A large mutual inductance M may or may not be desirable. We want a transformer to have a large mutual inductance. But an appliance, such as an electric clothes dryer, can induce a dangerous emf on its metal case if the mutual inductance between its coils and the case is large. One way to reduce mutual inductance is to counter-wind coils to cancel the magnetic field produced (Figure 14.3).

Figure a shows a heating coil within a metal case of a clothes dryer. Figure b shows the same coil, enlarged. The coil is wound on a cylinder in such a way that one wire is wound all the way to the other side, twisted around and wound all the way back. Thus, two adjacent windings have current flowing in opposite directions.

Figure 14.3 The heating coils of an electric clothes dryer can be counter-wound so that their magnetic fields cancel one another, greatly reducing the mutual inductance with the case of the dryer.

Digital signal processing is another example in which mutual inductance is reduced by counter-winding coils. The rapid on/off emf representing 1s and 0s in a digital circuit creates a complex time-dependent magnetic field. An emf can be generated in neighboring conductors. If that conductor is also carrying a digital signal, the induced emf may be large enough to switch 1s and 0s, with consequences ranging from inconvenient to disastrous.

Example 14.1

Mutual Inductance

Figure 14.4 shows a coil of

N_{2}

turns and radius

R_{2}

surrounding a long solenoid of length

l_{1},

radius

R_{1},

and

N_{1}

turns. (a) What is the mutual inductance of the two coils? (b) If

N_{1} = 500 turns

N_{2} = 10 turns

R_{1} = 3.10 cm

l_{1} = 75.0 cm

, and the current in the solenoid is changing at a rate of 200 A/s, what is the emf induced in the surrounding coil?

Figure shows a solenoid, in the form of a long coil with a small diameter, that is concentrically arranged with another, bigger coil. The radius of the solenoid is R1 and that of the coil is R2. The length of the solenoid is l1.

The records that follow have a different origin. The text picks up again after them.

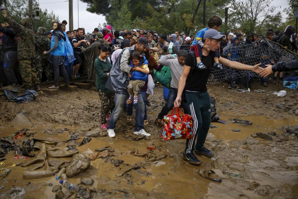 • Refugiados sirios caminan por el barro mientras cruzan la frontera de Grecia a Macedonia, cerca de la localidad griega de Idomeni, 10 de septiembre de 2015- REUTERS, Yannis Behrakis
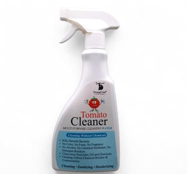 OrangUtan Tomato Cleaning MultiPurpose Cleaning Water — a safe and green cleaning solution that cleans, sanitizes, and deodorizes effectively without chemical surfactants or harsh detergents, redefining the simplicity of healthy living. Designed for everyday use throughout your home, it removes dirt, oil, and grease with ease — leaving no chemical residues that can cause irritation or contamination.
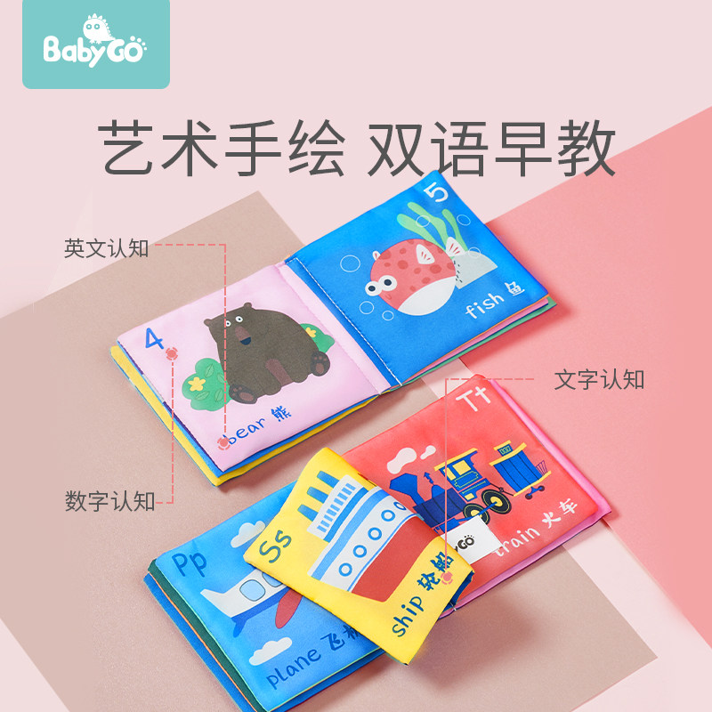 babygo Baby tear-free cloth book Baby three-dimensional bite-free early education toy book Baby book Educational toy
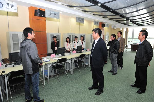 朱爱胜书记一行先后来到学生创新成果陈列室、创业街、生活广场、学生社团办公场所、大学活动中心、学生事务服务中心、图书馆等地,逐一查看了有关学生活动场所改造和建设项目进展、工程质量和环境布置等情况,听取了学生处、团委、基建办公室、后勤处等负责人对相关工作的汇报。
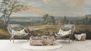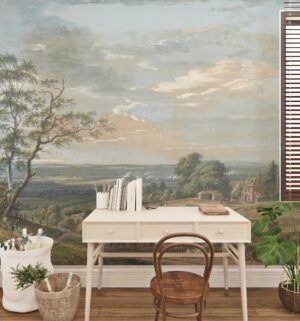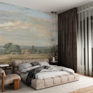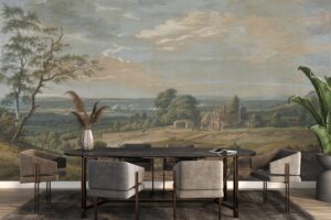 Vintage Pastoral Manzara Desenli Duvar Kağıdı
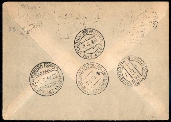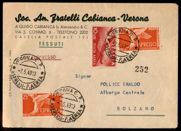 Due 25 lire Espressi (28) + 10 lire Aerea (130) su lettera espresso da Verona per Bolzano del 7.5.49
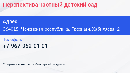 Перспектива, частный детский сад по адресу 364015, Чеченская республика, Грозный, Хабиляева, 2 в дальнейшем Организация, размещена в следующих категориях:
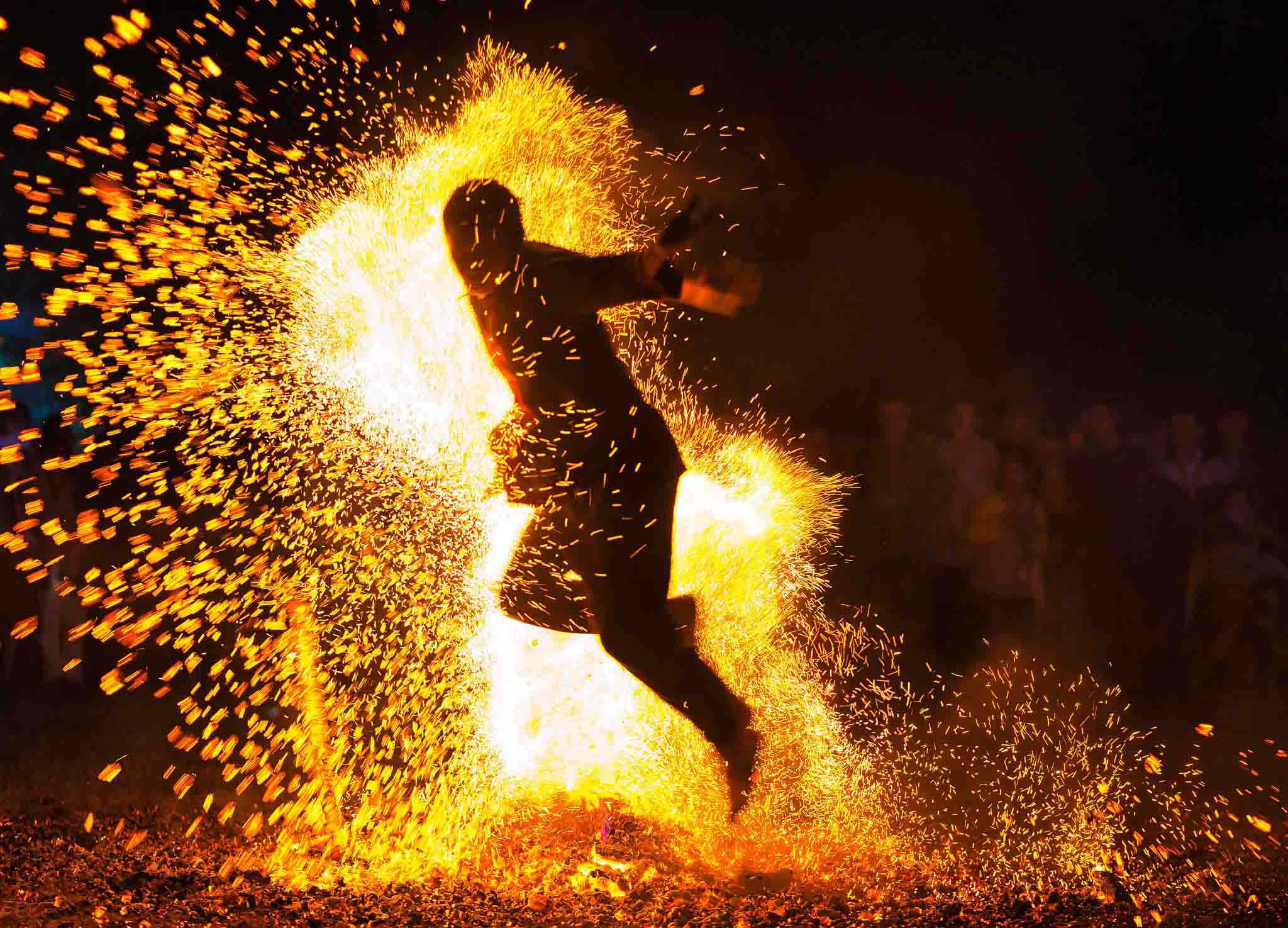 불의 신을 가장 높은 신으로 여기고, 불길이 가정과 공동체에 행운을 가져다준다는 인식에서 비롯돼 불춤 축제가 열릴 때면 마을의 남녀노소가 모두 모인다. 이들 중에 무당이 선발한 마을의 건장한 청년 8~10명이 불춤에 나선다.
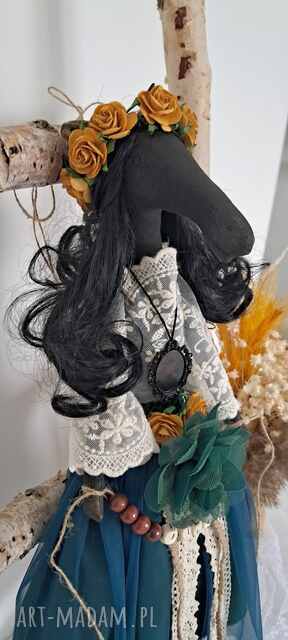 Mam do sprzedania własnoręcznie uszytego konika tildę. Ciałko uszyte z surówki bawełnianej, wypełnionej antyalergiczną kulką silikonową, barwiony na czarno z subtelnie zaznaczonym pyskiem i końcówkami kończyn - kolor antycznego złota i miedzi. Oczy wyszyte. Sukienka góra: koronka, koloru ecri, rozkloszowane rękawki, dół dwuwarstwowy: bawełna koloru butelkowej zieleni oraz wierzch tiul koloru butelkowej zieleni ozdobiony koronką bawełnianą koloru ecri, sznurkiem dekoracyjnym jutowym oraz różyczką tiulową i dwiema papierowymi. Włosy kręcone na końcówkach;koloru czarnego. Na głowie wianek z różyczek koloru antycznego różu. Może siedzieć bądź być zawieszony. Na szyi zawieszony czarny medalion. W rączkach trzyma koralikowe imię - zmienię stosownie do potrzeb:) Unikatowa dekoracja szczególnie dla miłośniczki koni;) Prezent z różnych okazji:) Długość 53 cm.

Figure 14.4 A solenoid surrounded by a coil.

Strategy

There is no magnetic field outside the solenoid, and the field inside has magnitude

B_{1} = μ_{0} (N_{1} / l_{1}) I_{1}

and is directed parallel to the solenoid’s axis. We can use this magnetic field to find the magnetic flux through the surrounding coil and then use this flux to calculate the mutual inductance for part (a), using Equation 14.3. We solve part (b) by calculating the mutual inductance from the given quantities and using Equation 14.4 to calculate the induced emf.

Solution

The magnetic flux $Φ_{21}$ through the surrounding coil is
$Φ_{21} = B_{1} π R_{1}^{2} = \frac{μ_{0} N_{1} I_{1}}{l_{1}} π R_{1}^{2} .$
Now from Equation 14.3, the mutual inductance is
$M = \frac{N_{2} Φ_{21}}{I_{1}} = (\frac{N_{2}}{I_{1}}) (\frac{μ_{0} N_{1} I_{1}}{l_{1}}) π R_{1}^{2} = \frac{μ_{0} N_{1} N_{2} π R_{1}^{2}}{l_{1}} .$
Using the previous expression and the given values, the mutual inductance is
$\begin{matrix} M & = \frac{(4 π \times 10^{−7} T \cdot m/A) (500) (10) π {(0.0310 m)}^{2}}{0.750 m} \\ = 2.53 \times 10^{−5} H . \end{matrix}$
Thus, from Equation 14.4, the emf induced in the surrounding coil is
$\begin{matrix} ε_{2} & = − M \frac{d I_{1}}{d t} = − (2.53 \times 10^{−5} H) (200 A/s) \\ = −5.06 \times 10^{−3} V . \end{matrix}$

Significance

Notice that M in part (a) is independent of the radius

R_{2}

of the surrounding coil because the solenoid’s magnetic field is confined to its interior. In principle, we can also calculate M by finding the magnetic flux through the solenoid produced by the current in the surrounding coil. This approach is much more difficult because

Φ_{12}

is so complicated. However, since

M_{12} = M_{21},

we do know the result of this calculation.

Check Your Understanding 14.1

A current $I (t) = (5.0 A) sin ((120 π rad/s) t)$ flows through the solenoid of part (b) of Example 14.1. What is the maximum emf induced in the surrounding coil?